What to do:
Copy the data exactly; pictures stay out of the copy.
──────── Collected material ────────
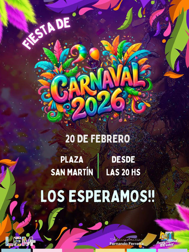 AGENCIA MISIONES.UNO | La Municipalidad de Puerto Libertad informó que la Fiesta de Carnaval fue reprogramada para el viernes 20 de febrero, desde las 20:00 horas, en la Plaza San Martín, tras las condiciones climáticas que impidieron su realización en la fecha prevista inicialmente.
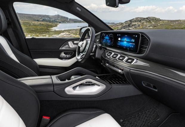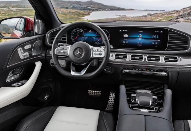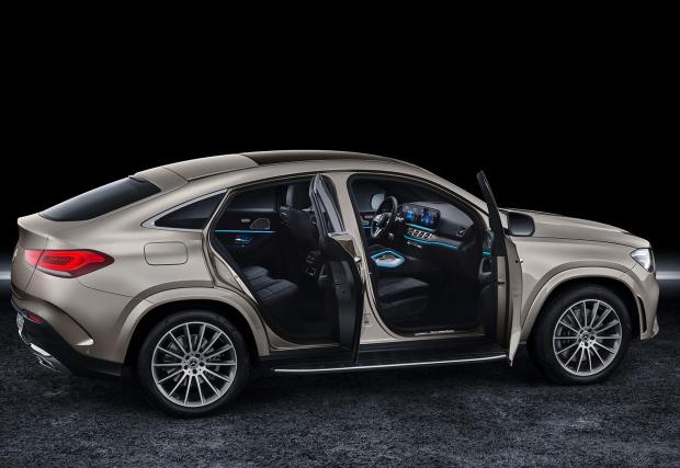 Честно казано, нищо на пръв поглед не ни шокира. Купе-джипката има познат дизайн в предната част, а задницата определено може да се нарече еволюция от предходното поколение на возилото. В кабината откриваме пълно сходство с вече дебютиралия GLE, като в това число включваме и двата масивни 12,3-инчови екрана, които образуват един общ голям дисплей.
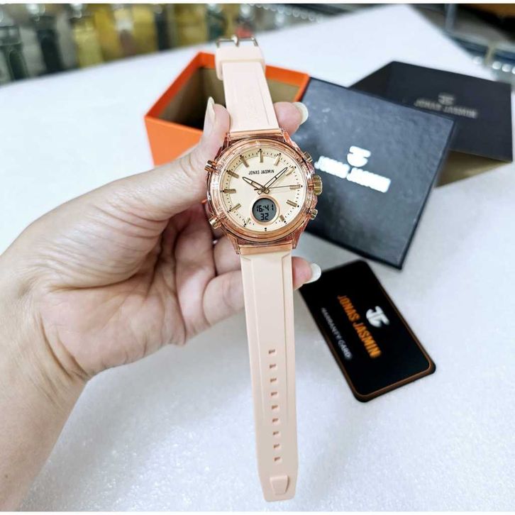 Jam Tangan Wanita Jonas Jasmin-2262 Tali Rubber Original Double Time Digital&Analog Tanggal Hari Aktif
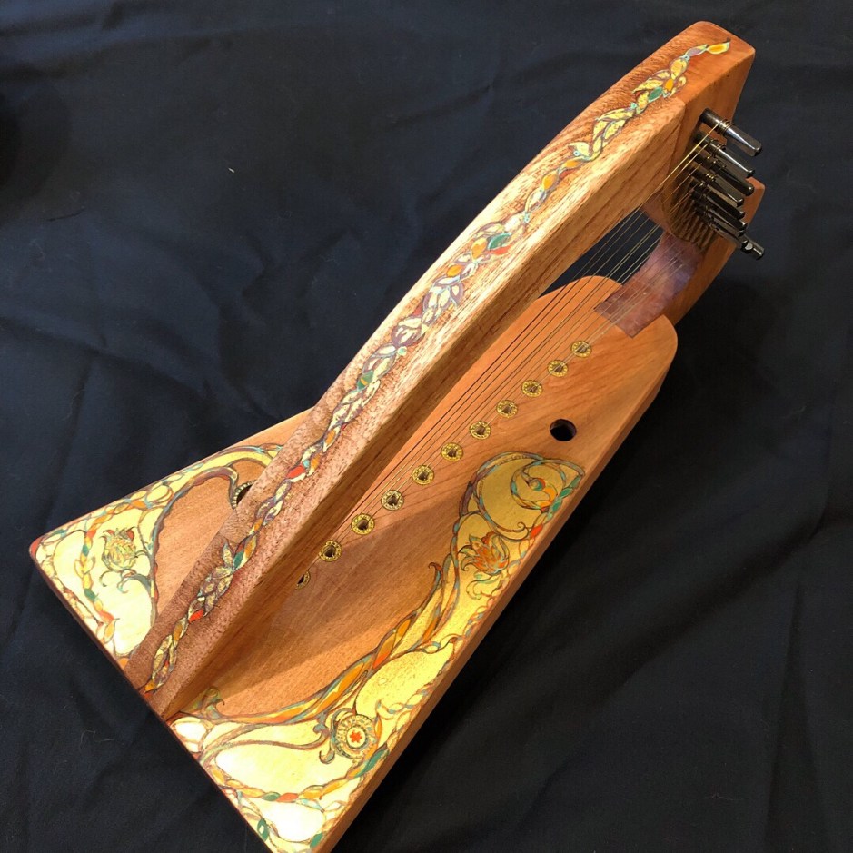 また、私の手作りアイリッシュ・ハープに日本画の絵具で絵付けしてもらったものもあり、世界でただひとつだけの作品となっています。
────────
Answer to the exercise:
 AGENCIA MISIONES.UNO | La Municipalidad de Puerto Libertad informó que la Fiesta de Carnaval fue reprogramada para el viernes 20 de febrero, desde las 20:00 horas, en la Plaza San Martín, tras las condiciones climáticas que impidieron su realización en la fecha prevista inicialmente.
 Честно казано, нищо на пръв поглед не ни шокира. Купе-джипката има познат дизайн в предната част, а задницата определено може да се нарече еволюция от предходното поколение на возилото. В кабината откриваме пълно сходство с вече дебютиралия GLE, като в това число включваме и двата масивни 12,3-инчови екрана, които образуват един общ голям дисплей.
 Jam Tangan Wanita Jonas Jasmin-2262 Tali Rubber Original Double Time Digital&Analog Tanggal Hari Aktif
 また、私の手作りアイリッシュ・ハープに日本画の絵具で絵付けしてもらったものもあり、世界でただひとつだけの作品となっています。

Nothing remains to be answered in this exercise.